We've had all the F D's sauces ....... love the devils spit on a big fat burger. Texas pit on beef and my fav for pork (altho it's hard to find) is the georgia mustard. The wife likes the hot and sassy. 

As a bonus, on our last run to the store we actually found them selling Famous Daves spicy pickles.

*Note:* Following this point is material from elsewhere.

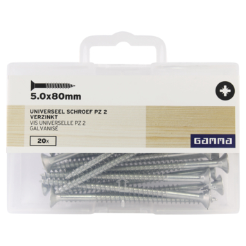 Ces vis à tête plate de GAMMA sont en acier galvanisé et peuvent être utilisées de manière universelle. Ils ont une tête fraisée PZ 2 et un entraînement pozi. Vous pouvez donc utiliser ces vis standard avec un tournevis cruciforme. La vis a un filetage partiel et convient au vissage serré de deux couches de bois. La vis à filetage partiel a un revêtement de cire pour un meilleur traitement. Les vis ont une longueur de 80 mm et un diamètre de 5 mm. Ils peuvent être utilisés aussi bien à l'intérieur qu'à l'extérieur en aggloméré et en bois. Un paquet contient 20 pièces.

About the only other store bought sauce we buy on a regular basis is Sweet baby Rays.


----------



## kookie (May 10, 2008)

I love the devils spit too...........They sell the Fd sauses at most of the stores in my area..............


----------



## lisacsco (May 11, 2008)

I found it this week in our Wal Mart, but I got a few more Sweet Baby Rays to use up first.  I like the FD sweet one also, I think it is rich and sassy?


----------



## brentman0110 (May 11, 2008)

Fpr my gang, Sweet Baby Rays Original is the only way to go!!


----------



## smokin out the neighbors (May 11, 2008)

I like the Famous Dave's and the Sweet Baby Ray's, but I think my store bought fav has to be the Jack Daniel's grillin sauces.


----------



## fred420 (May 11, 2008)

like the famous daves, but prefer the DINOSAUR sauces........


----------



## mr porky (May 12, 2008)

Heres the 2 sauces I mentioned earlier.  The Old South brand is made by a guy who runs a BBQ joint in town.  This other sauce caght my eye and thought I'd try it.  Both are tasty.

/end hijack


----------



## jverdin (May 12, 2008)

I used to use Famous Daves all the time and I have memories of thinking it was the Besty Sauce Ever! Ever since I started making my own though I can't stand Famous Dave's Sauce or restuarant. 

At the beginning of the season I generally make massive batches of sauce. If I run out I generally go with these:

www.hogsfly.com

http://www.shopstickyfingers.com/Sea...x?CategoryID=7

Some of the best I've had! So ever you have the chance try some.


----------



## hhookk (May 12, 2008)

Best store bought sauce for me is Bonesuckin sauce. Hot thicker style is the best variety. I use Bonesuckin rub too. Perfect blend of sweet and spicy hot.


----------



## 1chaos52 (May 12, 2008)

I like all of the ones mentioned here that I can get my hands on. Also of course like Jeff's sauce which I made for the first time. 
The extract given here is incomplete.